* [TASK BRIEF]: Set down, character for character, everything in the records below from the line holding "Режим рабочего времени" down to the line holding "EASY FORCEP delivers", and no other line.

* [SUPPLIED INFORMATION]:
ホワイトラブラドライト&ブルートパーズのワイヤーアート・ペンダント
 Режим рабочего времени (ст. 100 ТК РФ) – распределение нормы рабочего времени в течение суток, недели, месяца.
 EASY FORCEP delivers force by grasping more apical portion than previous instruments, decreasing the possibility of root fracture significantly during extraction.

* * *

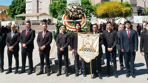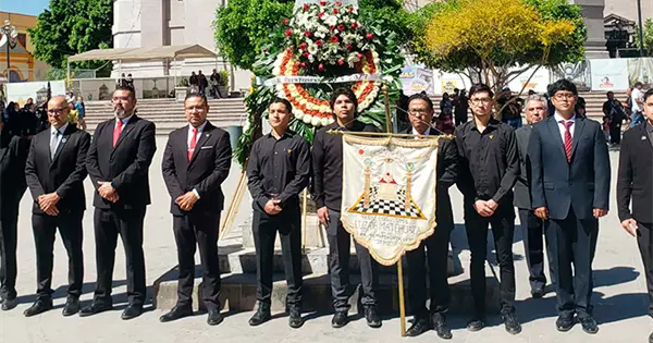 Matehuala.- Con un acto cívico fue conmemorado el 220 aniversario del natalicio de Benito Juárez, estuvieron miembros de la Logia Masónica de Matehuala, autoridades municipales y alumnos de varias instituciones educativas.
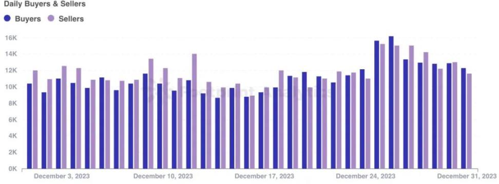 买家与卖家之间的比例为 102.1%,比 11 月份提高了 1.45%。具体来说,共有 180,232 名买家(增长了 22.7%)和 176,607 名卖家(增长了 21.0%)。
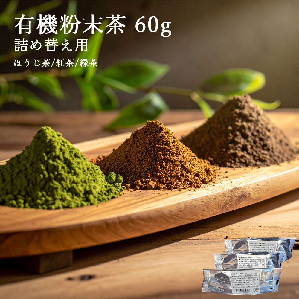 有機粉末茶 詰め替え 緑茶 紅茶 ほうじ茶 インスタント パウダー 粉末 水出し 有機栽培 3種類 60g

* [RESPONSE BOX]:
 Режим рабочего времени (ст. 100 ТК РФ) – распределение нормы рабочего времени в течение суток, недели, месяца.
 EASY FORCEP delivers force by grasping more apical portion than previous instruments, decreasing the possibility of root fracture significantly during extraction.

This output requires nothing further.